**Aim of the exercise**.
Give back the exact lines of the material below from the one containing "Located at the" through the one containing "2025年三季度财报显示,高途营收同比增长30.7%,但净亏损仍达 1.47 亿元;其喊出的", and no pictures.

**Source records**.
- Opening Delimiter -

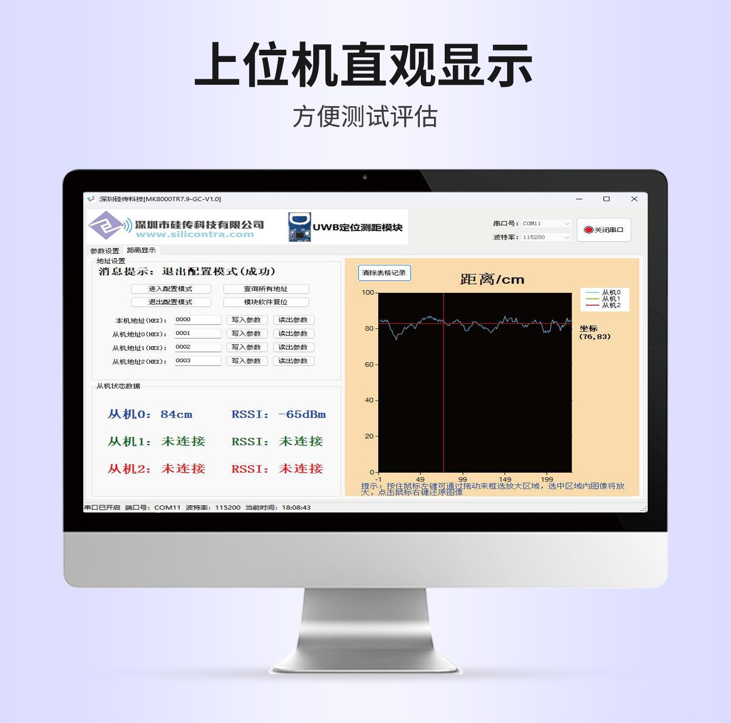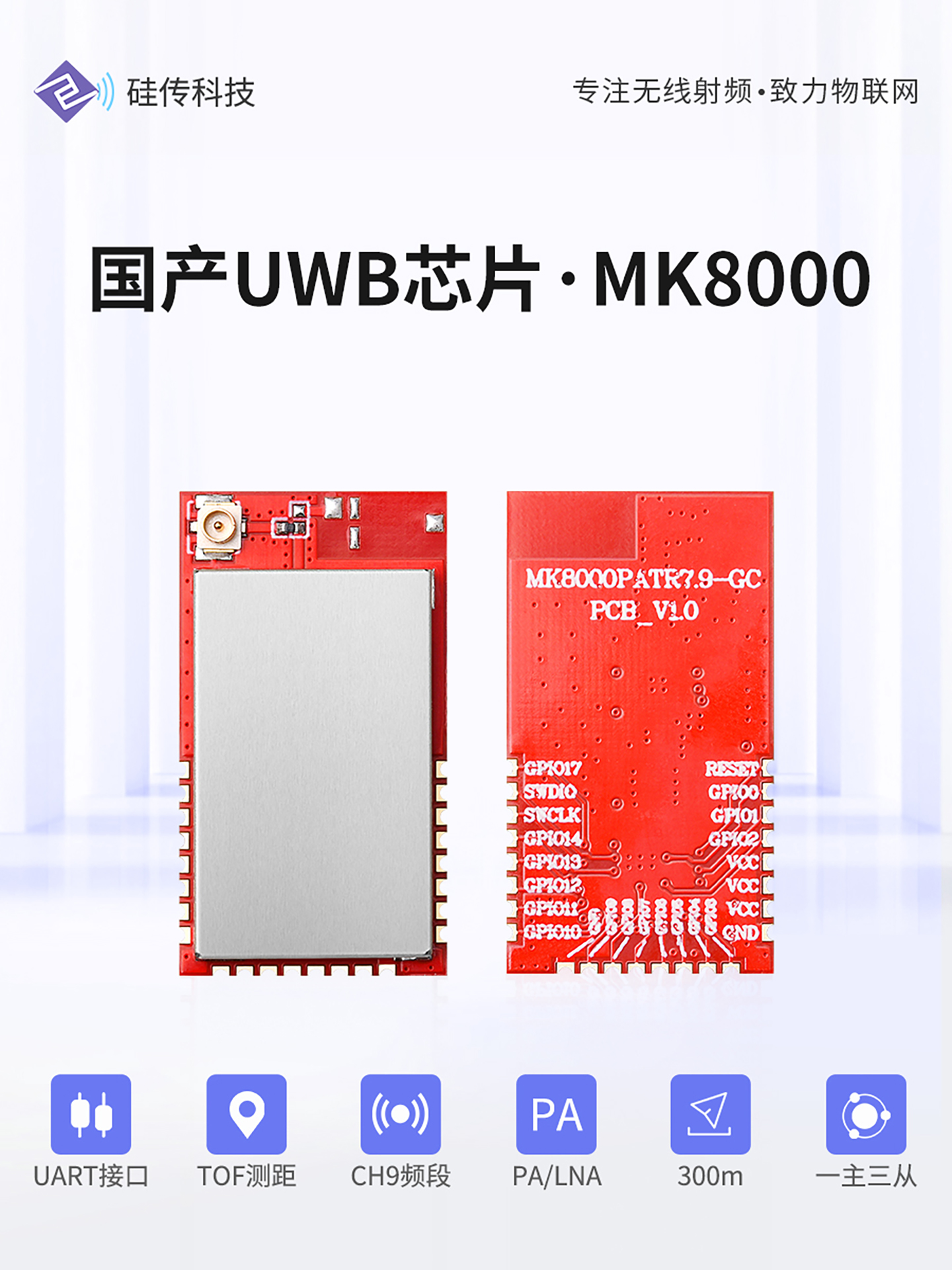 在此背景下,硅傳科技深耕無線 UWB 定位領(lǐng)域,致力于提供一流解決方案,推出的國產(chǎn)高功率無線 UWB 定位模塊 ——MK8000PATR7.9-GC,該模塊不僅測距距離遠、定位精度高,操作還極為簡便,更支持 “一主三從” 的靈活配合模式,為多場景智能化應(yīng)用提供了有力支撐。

- Closing Delimiter -
- Opening Delimiter -

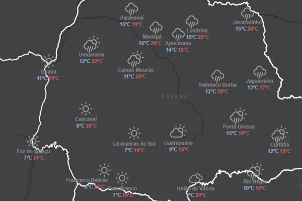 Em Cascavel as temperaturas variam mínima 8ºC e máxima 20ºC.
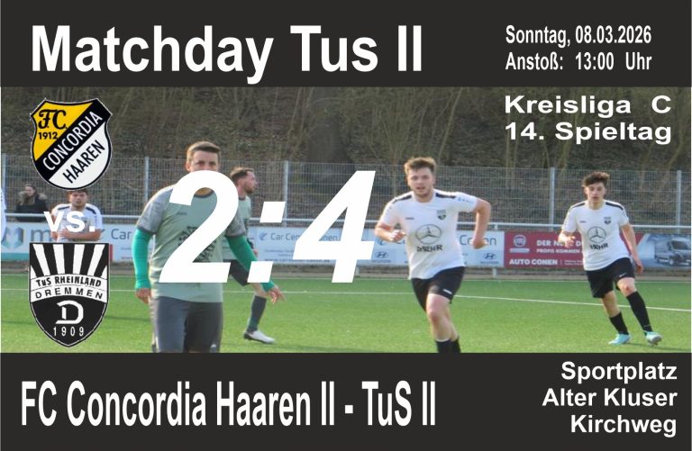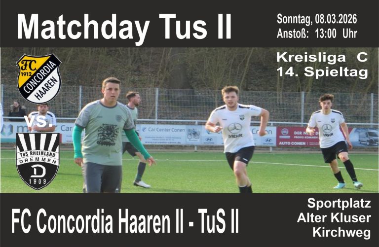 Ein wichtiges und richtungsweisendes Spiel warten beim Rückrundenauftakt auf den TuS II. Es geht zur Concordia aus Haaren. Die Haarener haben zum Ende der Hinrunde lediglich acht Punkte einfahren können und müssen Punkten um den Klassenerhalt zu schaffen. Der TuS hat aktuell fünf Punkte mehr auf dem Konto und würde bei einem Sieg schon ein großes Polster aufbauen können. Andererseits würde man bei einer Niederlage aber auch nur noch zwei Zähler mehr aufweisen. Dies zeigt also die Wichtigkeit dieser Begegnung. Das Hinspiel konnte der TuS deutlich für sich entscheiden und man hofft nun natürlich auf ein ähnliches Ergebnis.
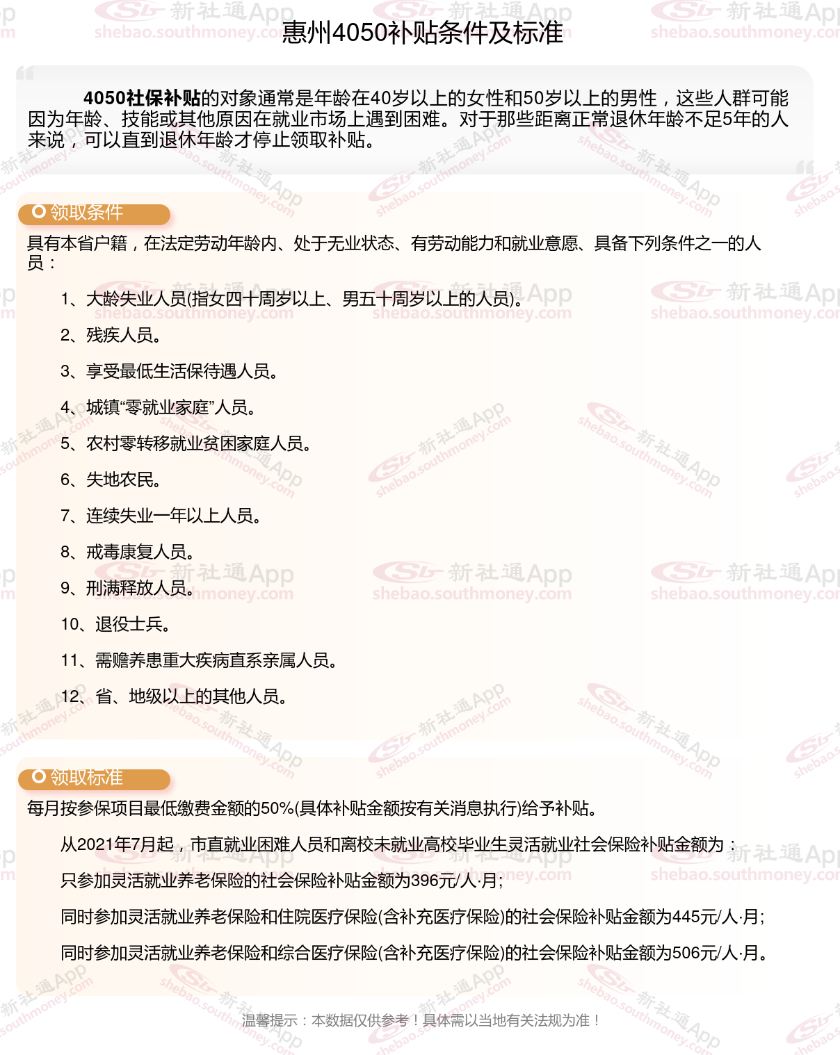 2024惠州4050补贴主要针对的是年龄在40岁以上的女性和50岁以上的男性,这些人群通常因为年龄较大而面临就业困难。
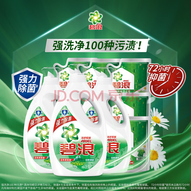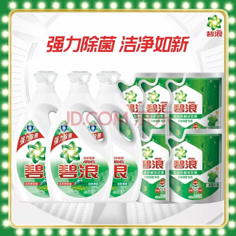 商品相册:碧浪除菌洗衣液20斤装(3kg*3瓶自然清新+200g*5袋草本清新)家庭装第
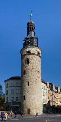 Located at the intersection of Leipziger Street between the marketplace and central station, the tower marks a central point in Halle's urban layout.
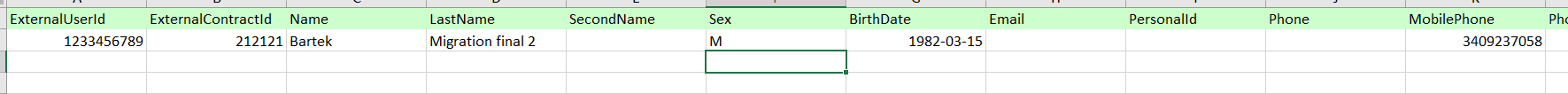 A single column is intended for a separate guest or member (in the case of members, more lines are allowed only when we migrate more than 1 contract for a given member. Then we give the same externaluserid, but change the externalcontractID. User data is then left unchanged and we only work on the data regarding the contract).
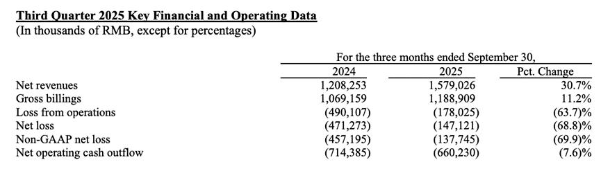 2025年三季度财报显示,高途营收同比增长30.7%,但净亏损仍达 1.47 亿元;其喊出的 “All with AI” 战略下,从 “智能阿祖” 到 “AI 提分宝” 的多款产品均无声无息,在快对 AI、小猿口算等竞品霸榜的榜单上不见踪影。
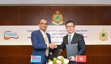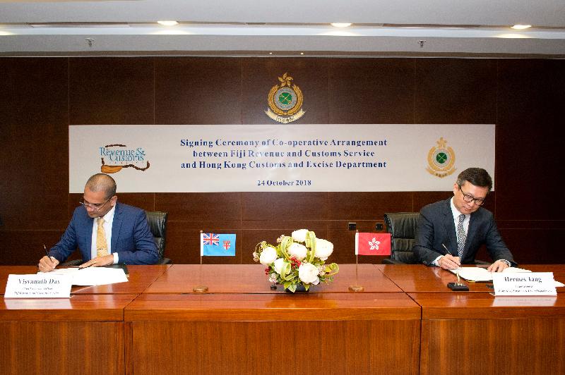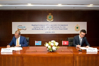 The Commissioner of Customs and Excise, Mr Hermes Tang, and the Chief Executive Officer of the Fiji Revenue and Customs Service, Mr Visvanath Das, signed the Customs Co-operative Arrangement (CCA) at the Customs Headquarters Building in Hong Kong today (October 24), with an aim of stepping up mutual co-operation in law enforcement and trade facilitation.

- Closing Delimiter -

**Solution for this exercise**.
 Located at the intersection of Leipziger Street between the marketplace and central station, the tower marks a central point in Halle's urban layout.
 A single column is intended for a separate guest or member (in the case of members, more lines are allowed only when we migrate more than 1 contract for a given member. Then we give the same externaluserid, but change the externalcontractID. User data is then left unchanged and we only work on the data regarding the contract).
 2025年三季度财报显示,高途营收同比增长30.7%,但净亏损仍达 1.47 亿元;其喊出的 “All with AI” 战略下,从 “智能阿祖” 到 “AI 提分宝” 的多款产品均无声无息,在快对 AI、小猿口算等竞品霸榜的榜单上不见踪影。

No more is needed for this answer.